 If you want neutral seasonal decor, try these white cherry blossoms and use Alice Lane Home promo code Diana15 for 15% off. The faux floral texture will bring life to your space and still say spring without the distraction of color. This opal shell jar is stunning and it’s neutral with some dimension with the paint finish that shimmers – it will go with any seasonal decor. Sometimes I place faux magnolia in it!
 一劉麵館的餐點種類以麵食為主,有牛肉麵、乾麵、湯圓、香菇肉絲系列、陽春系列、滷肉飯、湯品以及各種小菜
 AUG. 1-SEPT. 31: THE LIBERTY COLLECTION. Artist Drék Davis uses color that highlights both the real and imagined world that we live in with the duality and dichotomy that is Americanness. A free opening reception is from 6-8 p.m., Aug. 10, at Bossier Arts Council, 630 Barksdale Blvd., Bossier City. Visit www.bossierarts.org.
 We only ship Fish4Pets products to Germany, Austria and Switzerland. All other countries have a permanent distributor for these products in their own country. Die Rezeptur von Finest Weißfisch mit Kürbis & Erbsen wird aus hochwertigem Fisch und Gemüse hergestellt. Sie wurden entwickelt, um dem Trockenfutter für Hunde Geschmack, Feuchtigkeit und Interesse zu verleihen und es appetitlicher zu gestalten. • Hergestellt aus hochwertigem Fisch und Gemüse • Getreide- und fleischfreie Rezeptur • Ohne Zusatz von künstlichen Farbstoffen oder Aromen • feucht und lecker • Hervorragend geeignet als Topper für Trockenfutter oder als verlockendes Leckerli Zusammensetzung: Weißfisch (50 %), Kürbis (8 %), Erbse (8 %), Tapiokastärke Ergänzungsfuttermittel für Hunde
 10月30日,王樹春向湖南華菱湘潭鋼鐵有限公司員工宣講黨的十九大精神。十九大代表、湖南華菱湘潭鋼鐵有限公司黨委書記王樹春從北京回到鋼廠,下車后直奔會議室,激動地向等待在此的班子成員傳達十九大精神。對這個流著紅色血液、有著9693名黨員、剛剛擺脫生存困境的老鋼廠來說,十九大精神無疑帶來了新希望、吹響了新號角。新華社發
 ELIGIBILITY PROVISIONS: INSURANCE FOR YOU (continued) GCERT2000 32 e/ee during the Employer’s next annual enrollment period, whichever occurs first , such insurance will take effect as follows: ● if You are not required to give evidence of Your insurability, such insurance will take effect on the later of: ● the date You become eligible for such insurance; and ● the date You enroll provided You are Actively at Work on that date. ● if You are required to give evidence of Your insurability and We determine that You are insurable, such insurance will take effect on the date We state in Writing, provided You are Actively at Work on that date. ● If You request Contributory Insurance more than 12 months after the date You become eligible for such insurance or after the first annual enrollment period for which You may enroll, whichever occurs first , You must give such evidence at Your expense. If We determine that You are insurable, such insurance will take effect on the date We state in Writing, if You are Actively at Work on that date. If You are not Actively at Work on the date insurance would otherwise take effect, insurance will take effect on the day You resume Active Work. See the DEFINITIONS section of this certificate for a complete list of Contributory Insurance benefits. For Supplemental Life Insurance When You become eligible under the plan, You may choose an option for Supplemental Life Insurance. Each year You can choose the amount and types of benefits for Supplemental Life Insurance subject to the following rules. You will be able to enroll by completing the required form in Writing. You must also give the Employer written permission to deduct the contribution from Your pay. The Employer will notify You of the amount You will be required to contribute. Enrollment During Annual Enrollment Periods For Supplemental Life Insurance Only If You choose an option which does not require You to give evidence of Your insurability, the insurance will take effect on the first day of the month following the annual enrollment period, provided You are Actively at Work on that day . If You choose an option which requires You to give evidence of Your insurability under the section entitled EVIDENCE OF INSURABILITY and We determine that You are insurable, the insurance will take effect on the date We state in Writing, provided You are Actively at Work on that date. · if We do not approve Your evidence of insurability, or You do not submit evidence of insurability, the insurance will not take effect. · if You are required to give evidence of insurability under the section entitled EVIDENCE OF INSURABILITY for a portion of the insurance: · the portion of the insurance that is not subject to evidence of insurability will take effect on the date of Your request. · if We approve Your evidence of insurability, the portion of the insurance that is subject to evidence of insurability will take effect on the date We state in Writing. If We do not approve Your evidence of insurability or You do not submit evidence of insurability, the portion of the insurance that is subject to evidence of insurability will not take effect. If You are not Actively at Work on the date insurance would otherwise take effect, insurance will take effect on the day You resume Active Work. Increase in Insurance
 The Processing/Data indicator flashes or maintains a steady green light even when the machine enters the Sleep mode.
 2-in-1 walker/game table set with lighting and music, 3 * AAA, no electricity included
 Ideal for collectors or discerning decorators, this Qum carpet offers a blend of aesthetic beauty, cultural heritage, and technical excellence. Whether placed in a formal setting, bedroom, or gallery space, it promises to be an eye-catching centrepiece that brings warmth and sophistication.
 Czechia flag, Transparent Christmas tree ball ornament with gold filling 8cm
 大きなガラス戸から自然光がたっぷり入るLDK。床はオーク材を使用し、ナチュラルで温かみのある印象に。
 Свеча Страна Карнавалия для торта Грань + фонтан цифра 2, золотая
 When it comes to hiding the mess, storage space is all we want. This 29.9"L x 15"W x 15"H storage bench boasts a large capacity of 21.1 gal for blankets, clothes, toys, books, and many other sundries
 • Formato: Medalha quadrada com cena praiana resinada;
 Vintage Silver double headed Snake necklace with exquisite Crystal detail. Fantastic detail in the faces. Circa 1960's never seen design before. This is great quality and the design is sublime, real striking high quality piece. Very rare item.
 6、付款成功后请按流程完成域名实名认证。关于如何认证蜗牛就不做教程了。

DESCRIPTION OF THE TASK |
The lines from the one containing "Vintage Silver double" through the last line of the records are to be transcribed exactly, with nothing else added.

SOLUTION TO THIS TASK |
 Vintage Silver double headed Snake necklace with exquisite Crystal detail. Fantastic detail in the faces. Circa 1960's never seen design before. This is great quality and the design is sublime, real striking high quality piece. Very rare item.
 6、付款成功后请按流程完成域名实名认证。关于如何认证蜗牛就不做教程了。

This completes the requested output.